Training a frontier model requires billions in capital for H100 clusters. Can a distributed community effort for ever compete with that? I’m interested in whether projects like Petals or various blockchain-based compute networks are actually viable for training something that can realistically rival the depth of a GPT-5 class model.
3 answers
Distributed training is theoretically possible, but the latency between consumer internet connections is a massive bottleneck compared to the NVLink interconnects in a dedicated data center. However, we are seeing success with "swarm intelligence" approaches where smaller models are trained independently and then merged or used in a MoE setup. This isn't exactly training a 10T parameter model from scratch, but it allows the open-source community to build highly specialized "experts" that, when combined, can rival the versatility of a closed-source giant.

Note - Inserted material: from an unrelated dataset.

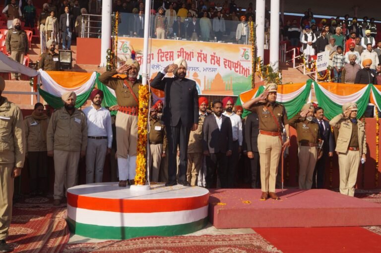 ਮਾਨਸਾ, 26 ਜਨਵਰੀ 2025 : 76ਵੇਂ ਗਣਤੰਤਰ ਦਿਵਸ ਦਾ ਜ਼ਿਲ੍ਹਾ ਪੱਧਰੀ ਸਮਾਗਮ ਸਥਾਨਕ ਬਹੁਮੰਤਵੀ ਖੇਡ ਸਟੇਡੀਅਮ, ਨਹਿਰੂ ਮੈਮੋਰੀਅਲ ਸਰਕਾਰੀ ਕਾਲਜ, ਮਾਨਸਾ ਵਿਖੇ ਹੋਇਆ, ਜਿਸ ਦੌਰਾਨ ਡਿਪਟੀ ਕਮਿਸ਼ਨਰ ਸ੍ਰੀ ਕੁਲਵੰਤ ਸਿੰਘ, ਆਈ.ਏ.ਐਸ. ਨੇ ਕੌਮੀ ਝੰਡਾ ਲਹਿਰਾਉਣ ਦੀ ਰਸਮ ਅਦਾ ਕੀਤੀ ਅਤੇ ਪਰੇਡ ਦਾ ਨਿਰੀਖਣ ਕੀਤਾ। ਇਸ ਮੌਕੇ ਜ਼ਿਲਾ ਪੁਲਿਸ ਮੁਖੀ ਸ੍ਰੀ ਭਾਗੀਰਥ ਸਿੰਘ ਮੀਨਾ ਵੀ ਉਨ੍ਹਾਂ ਦੇ ਨਾਲ ਸਨ। ਜ਼ਿਲ੍ਹਾ ਤੇ ਸੈਸ਼ਨ ਜੱਜ ਸ੍ਰੀ ਐਚ.ਐਸ. ਗਰੇਵਾਲ, ਵਿਧਾਇਕ ਮਾਨਸਾ ਡਾ. ਵਿਜੈ ਸਿੰਗਲਾ ਅਤੇ ਡੀ.ਆਈ.ਜੀ. ਬਠਿੰਡਾ ਰੇਂਜ ਸ੍ਰੀ ਹਰਜੀਤ ਸਿੰਘ ਵੱਲੋਂ ਸਮਾਗਮ ਵਿਚ ਵਿਸ਼ੇਸ਼ ਤੌਰ ’ਤੇ ਸ਼ਿਰਕਤ ਕੀਤੀ ਗਈ।
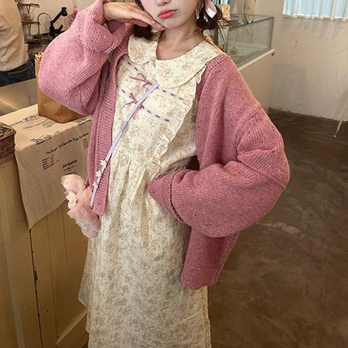 3色/フラワー刺繍ニットカーデ ・8907

Do you believe that specialized datasets are more important than raw compute when trying to bridge the performance gap between these models?
The biggest hurdle isn't the training; it's the data curation and the RLHF process that requires thousands of human annotators.
True, Melissa, but RLAIF (AI Feedback) is becoming a viable alternative that the open-source community is using to automate the alignment process quite effectively.
You hit the nail on the head, Gregory. Modern research shows that "textbook-quality" data can allow a 7B model to outperform a 70B model trained on raw web crawls. The open-source community is currently leading the way in curated, high-token-quality datasets, which is a much more efficient way to close the gap than just throwing more GPUs at the problem.